Pull Request resolved: https://github.com/pytorch/pytorch/pull/147006 Approved by: https://github.com/XilunWu
2025-12-06 12:20:52 +01:00 · 2025-02-12 15:50:24 -08:00 · 2025-02-12 15:50:24 -08:00 · 4879f8f919
commit 4879f8f919
parent 3e4172d985
2 changed files with 11 additions and 0 deletions
--- a/test/distributed/tensor/test_api.py
+++ b/test/distributed/tensor/test_api.py
@ -319,6 +319,9 @@ class DTensorAPITest(DTensorTestBase):
        )

        # check autocast
+        # `distribute_module` is an in-place operation, so we need to create a
+        # new model
+        model = MyModel(10, 10, device=self.device_type)
        dt = distribute_tensor(torch.rand(10), device_mesh, [Replicate()])
        replica_model = distribute_module(
            model,
--- a/torch/distributed/tensor/_api.py
+++ b/torch/distributed/tensor/_api.py
@ -874,6 +874,13 @@ def distribute_module(

    torch._C._log_api_usage_once("torch.dtensor.distribute_module")
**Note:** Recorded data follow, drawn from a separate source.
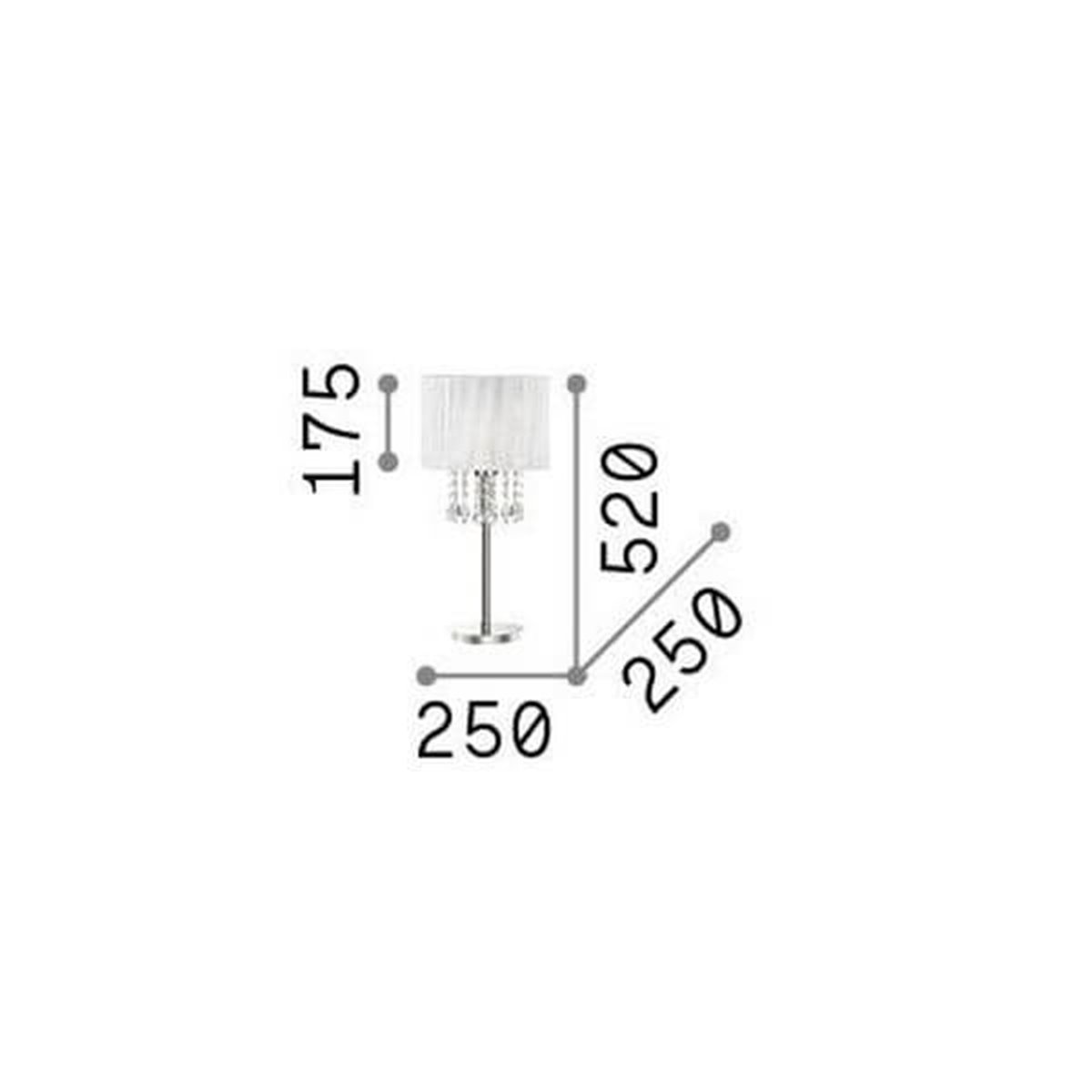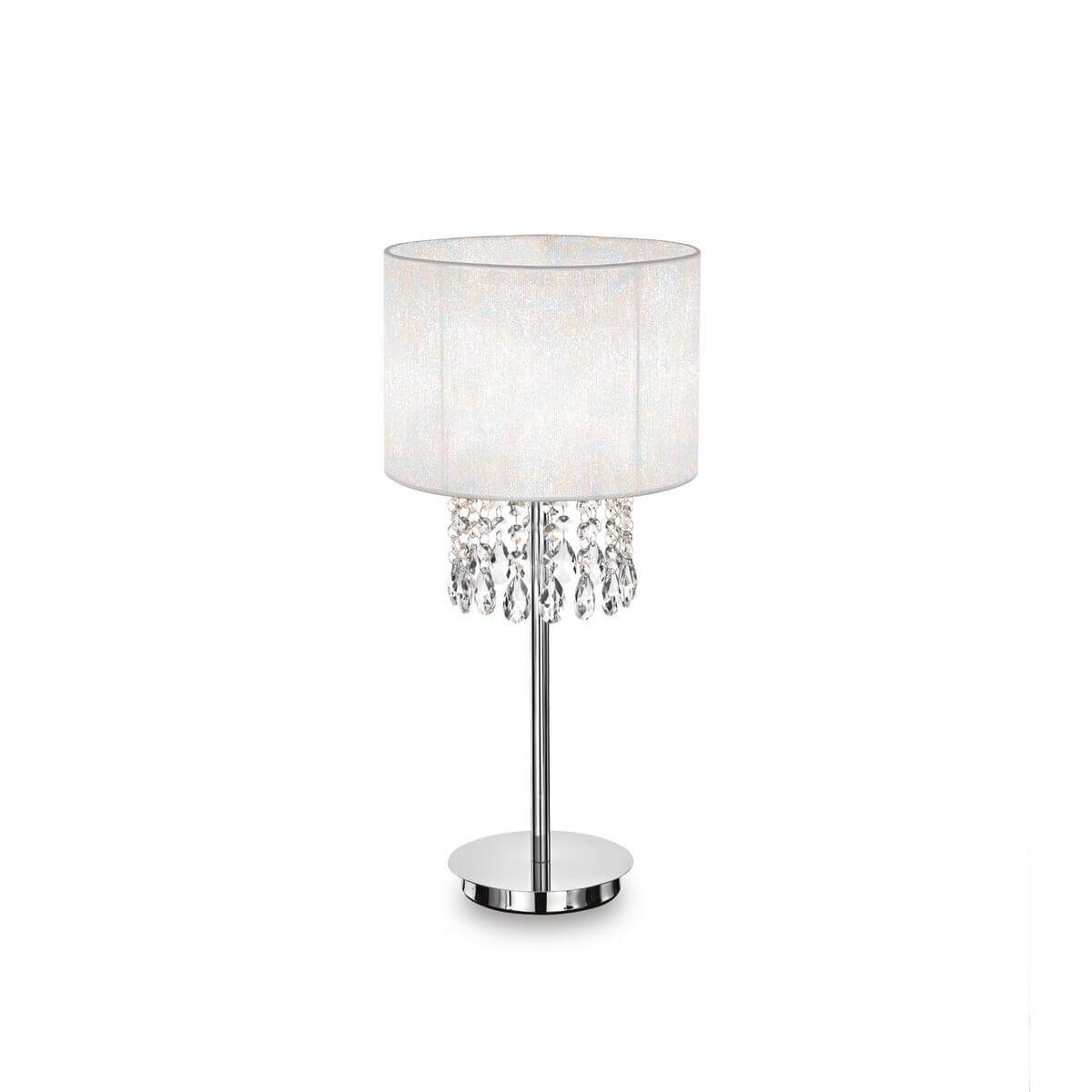 Стилна нощна лампа бяло, изработена с метално тяло и PVC шапка с кристални висулки Ideal Lux, серия Opera.
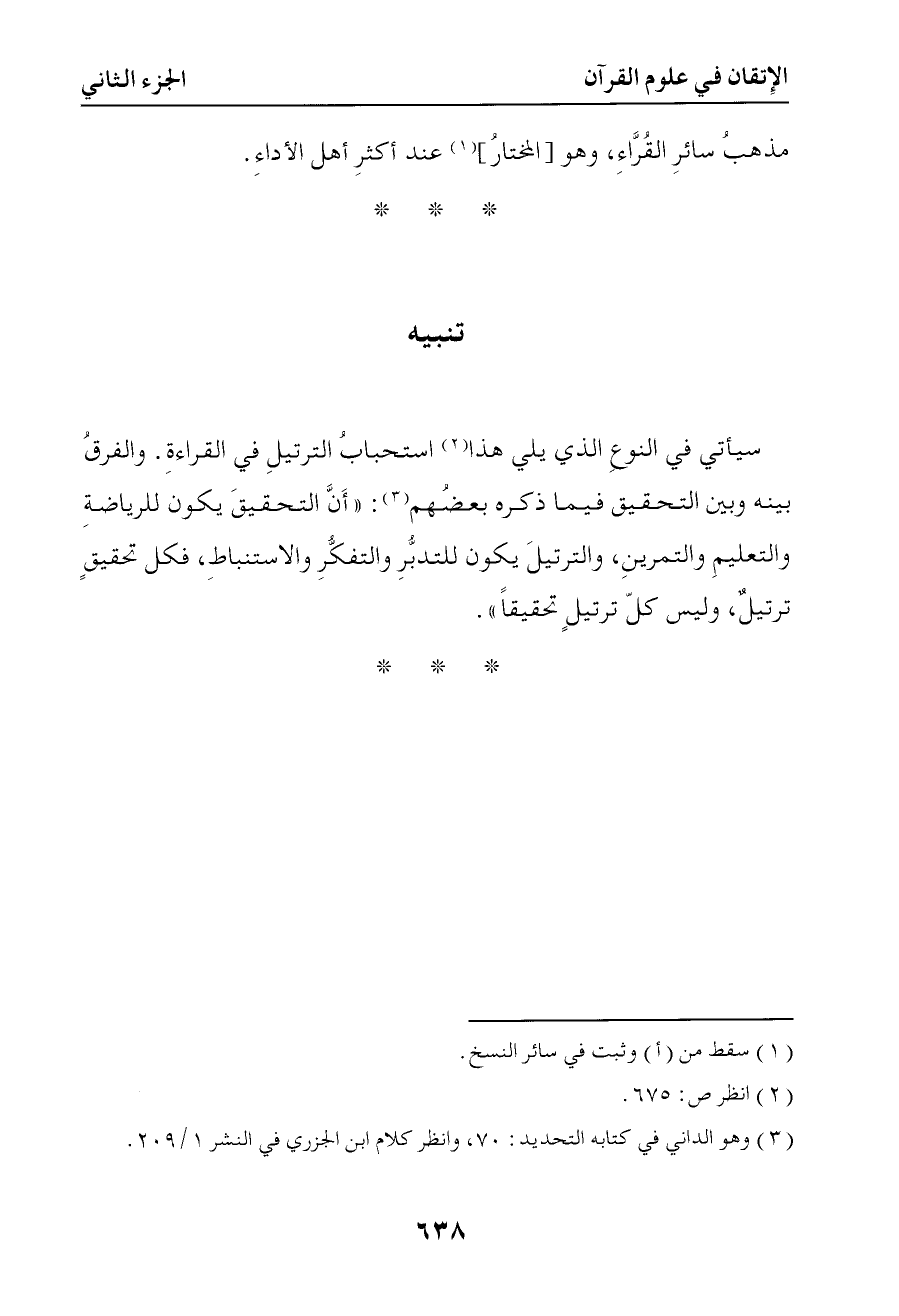 1291 سيأتي في النوع الذي يلي هذا استحباب الترتيل في القراءة والفرق بينه وبين التحقيق فيما ذكره بعضهم أن التحقيق يكون للرياضة والتعليم والتمرين والترتيل يكون للتدبر والتفكر والاستنباط فكل تحقيق ترتيل وليس كل ترتيل تحقيقا
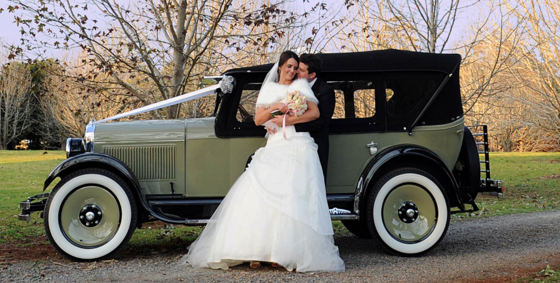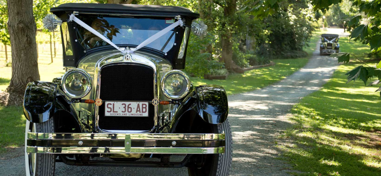 Our luxurious car interiors feature leather seating and plush carpet, air-conditioning, stainless steel trim with ample room for all types of wedding dresses. The cars exterior boasts stunning black guards and tornicade roof, olive-willow body, and finished off with timeless Whitewall tyres. The cars are certified by Queensland Transport, so you can be assured your car is fully reliable and you will arrive at your destination safely and on time. Our Hupmobiles create gorgeous unique and stylish backdrop for wedding photos. To see one car is exceptional, to see both cars together you get the ultimate ‘wow’ factor!
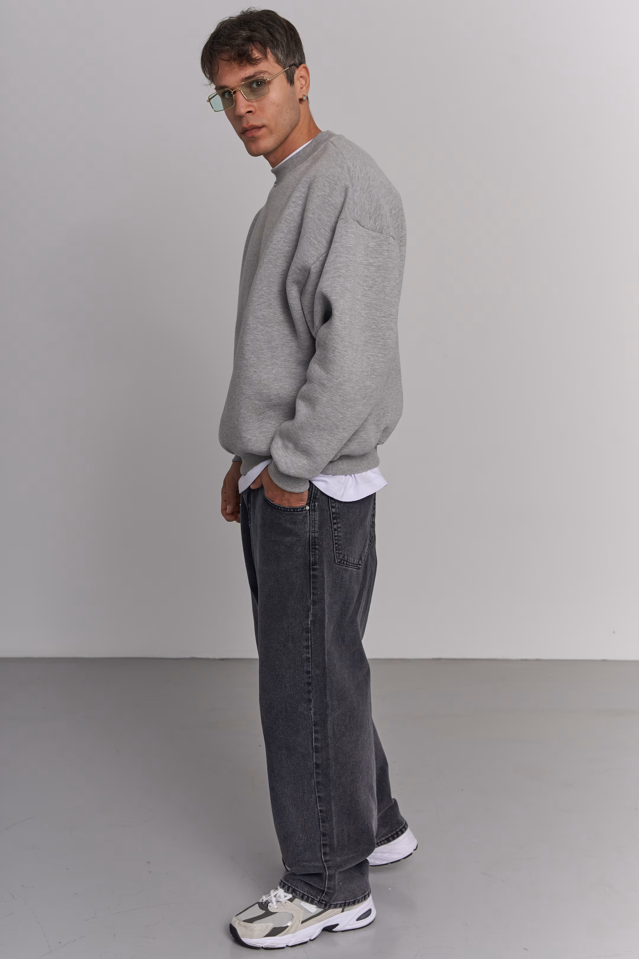 Oversized crewneck sweatshirt in smoke. No print. Crew neck. Ribbed cuffs and hem. 100% cotton. Model measurements: Height 185 cm Chest 100 cm Waist 84 cm Hips 97 cm

+    already_distributed = getattr(module, "_distribute_module_applied", False)
+    if already_distributed:
+        raise RuntimeError(
+            "distribute_module should only be called once on a module, "
+            "but it has already been called on this module!"
+        )
+
    device_mesh = device_mesh or _mesh_resources.get_current_mesh()
    device_type = device_mesh.device_type
    if device_type == "xla":
@ -967,6 +974,7 @@ def distribute_module(
                f"output_fn should take in 3 arguments, but got {num_args} arguments!"
            )

+    module._distribute_module_applied = True  # type: ignore[assignment]
    return module